Data section:
^^^^

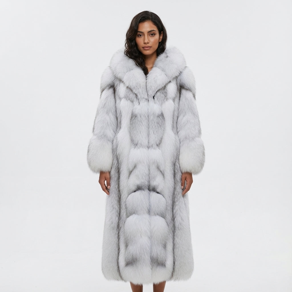 מעיל פרווה ארוך ואופנתי לנשים בצבע אפור, בעיצוב יוקרתי ומחמם. כולל קפוצ’ון לפרקטיות מלאה בימים הקרים, ומראה מרשים שמתאים ליום-יום וגם לאירועים חגיגיים. עשוי פרווה סינתטית רכה ואיכותית.
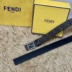 fendi 芬迪 专柜同款 宽4.0Cm 双环正反用腰带 Ff按钉搭扣 黑色Cuoio Romano皮革材质 反面面料带有烟草黄和黑色Ff图案...
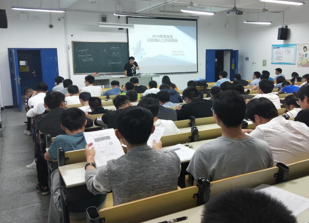 为增强毕业生诚信履约意识,切实做好2019届毕业生生源地信用助学贷款的还款确认工作,机械公司于5月10日晚在6213教室召开2019届毕业生生源地信用助学贷款还款确认工作说明会,会议由机械公司辅导员詹俊老师主持,近百余名毕业生参加了会议。
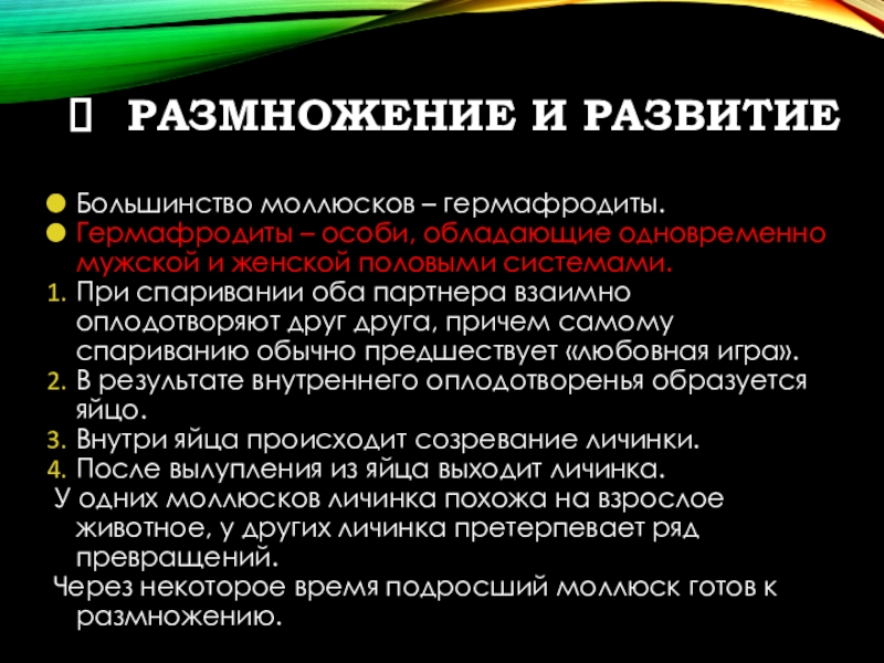 РАЗМНОЖЕНИЕ И РАЗВИТИЕБольшинство моллюсков – гермафродиты.Гермафродиты – особи, обладающие одновременно мужской и женской половыми системами.При спаривании оба

^^^^

Directions for this task:
Make an exact copy of the listing above, omitting the pictures.

Response:
 מעיל פרווה ארוך ואופנתי לנשים בצבע אפור, בעיצוב יוקרתי ומחמם. כולל קפוצ’ון לפרקטיות מלאה בימים הקרים, ומראה מרשים שמתאים ליום-יום וגם לאירועים חגיגיים. עשוי פרווה סינתטית רכה ואיכותית.
 fendi 芬迪 专柜同款 宽4.0Cm 双环正反用腰带 Ff按钉搭扣 黑色Cuoio Romano皮革材质 反面面料带有烟草黄和黑色Ff图案...
 为增强毕业生诚信履约意识,切实做好2019届毕业生生源地信用助学贷款的还款确认工作,机械公司于5月10日晚在6213教室召开2019届毕业生生源地信用助学贷款还款确认工作说明会,会议由机械公司辅导员詹俊老师主持,近百余名毕业生参加了会议。
 РАЗМНОЖЕНИЕ И РАЗВИТИЕБольшинство моллюсков – гермафродиты.Гермафродиты – особи, обладающие одновременно мужской и женской половыми системами.При спаривании оба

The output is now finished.